17.4. Logistic Regression Equation#
When should we use logistic regression rather than linear regression?
Click to reveal answer
We use logistic regression (also called binary logistic regression) when we have a binary outcome variable, such as: is the person vaccinated? Does the patient smoke? Is the pregnancy test positive or negative? Did it rain yesterday? All of these questions have two possible outcomes (vaccinated or not vaccinated, smoker or non-smoker, etc.) that will be coded as 0,1 in the data.
Why can’t we use linear regression for binary outcomes?
Click to reveal answer
One of the assumptions of linear regression is that the observed data should contain a linear relationship, and when we have a binary outcome measure this assumption is violated. The problem is illustrated in the graph below. As the binary outcome variable can only take a value of 0 or 1 (illustrated by the red dots), the linear regression is also a problem because it is ‘unbounded’. It can take values below 0 or above 1 which would be hard to interpret in terms of predicting the probability of a yes/no outcome. In logistic regression we ‘transform’ the outcome variable so that it is bounded and can be interpreted in terms of the probability (or odds, we’ll come to this) of observing the outcome.
What is a logit transformation?
Click to reveal answer
In logistic regression, we use the log of the odds of observing the outcome, which is called the logistic transformation, or logit for short.

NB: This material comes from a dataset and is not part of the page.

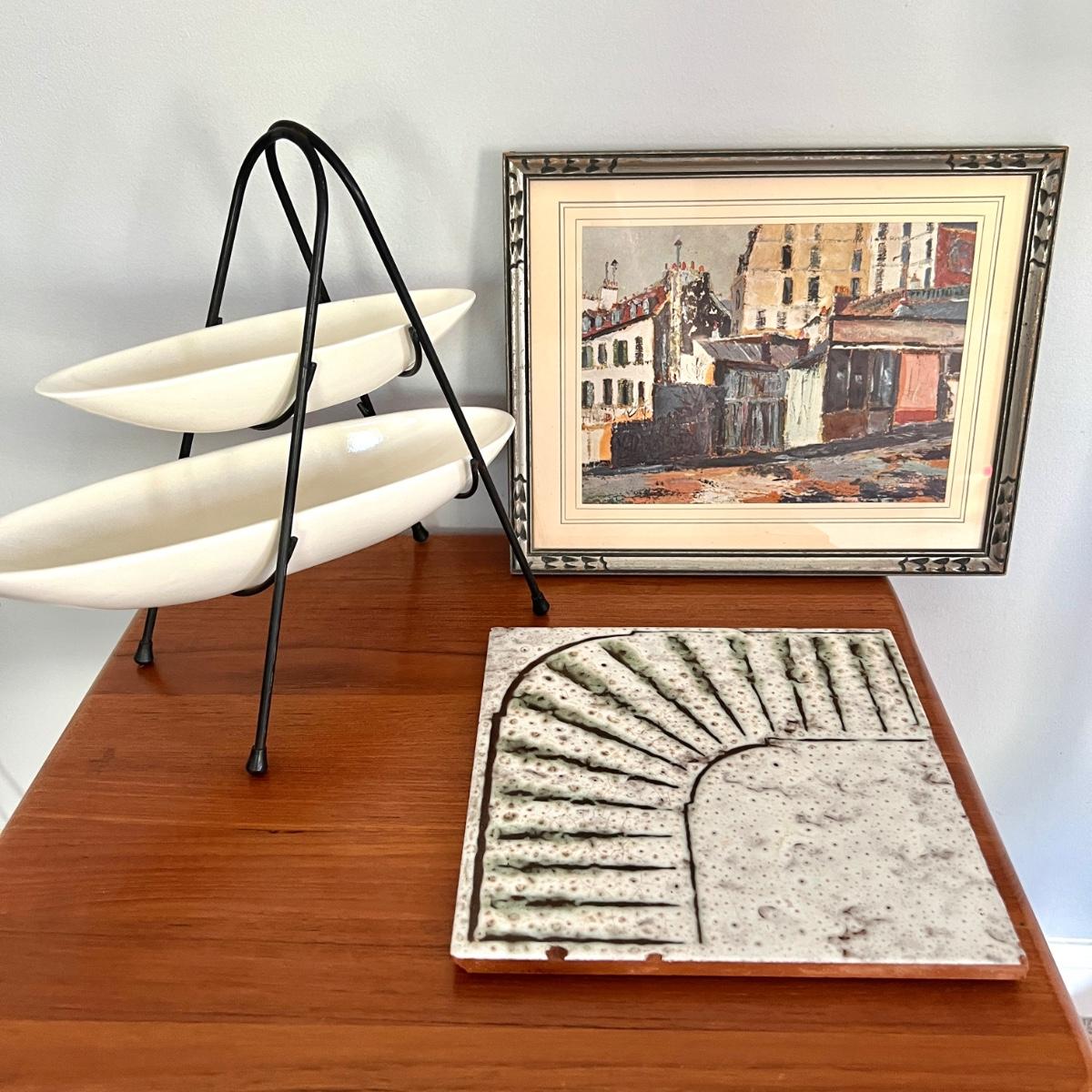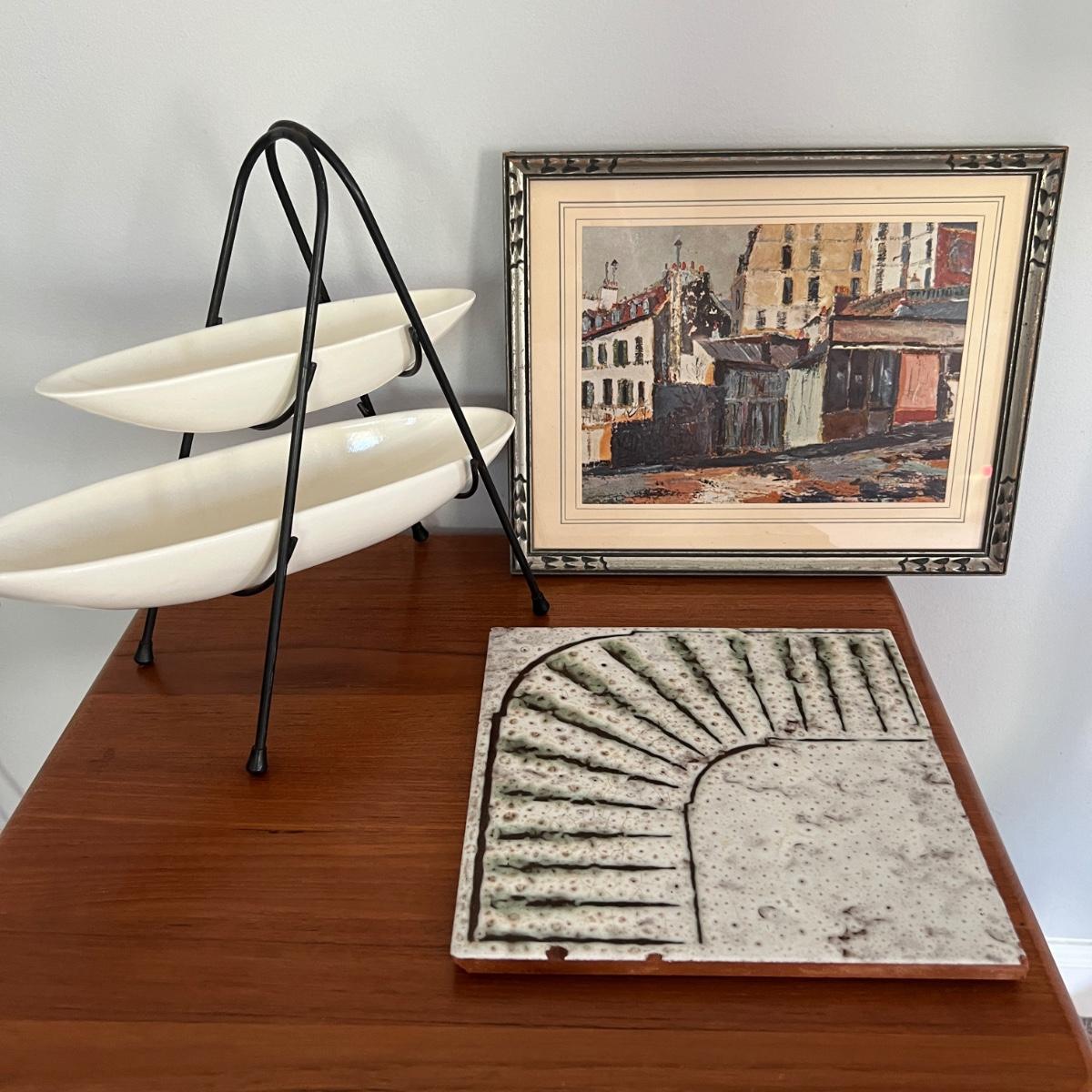 Italian tile/hot plate, 2 tier oblong bowl set, framed print.

The logistic equation uses the log of the odds, $\log{ \left[ \frac{p(y=1)}{1-p(y=1)} \right]} $ as the outcome
We model the logit (the log of the odds) as follows:
$$ logit(p) = \log{ \left[ \frac{p(y=1)}{1-p(y=1)} \right]} = \alpha + \beta_1 x_1 + \beta_2 x_2 + \dots \beta_k x_k $$
In a regression model with $k$ independent variables
The natural log of the odds would take a value of zero when the probability is 0.5. With a probability of 1 logit(p) would be infinity, and with a probability of 0, logit(p) would be minus infinity.
The logit transformation gets around the problem that the assumption of linearity has been violated. The transformation is a way of expressing a non-linear relationship in a linear way.
Apart from the outcome variable, the form of the regression equation is very familiar! Like in linear regression the slope estimate $\beta$ describes the change in the outcome variable for each unit of $x$, and like in linear regression, the intercept $\alpha$ is the value of the outcome variable when all $x$ variables take the value zero. However, in interpreting the coefficients, we need to keep in mind the transformation function of $y$, which we’ll practice in the next section.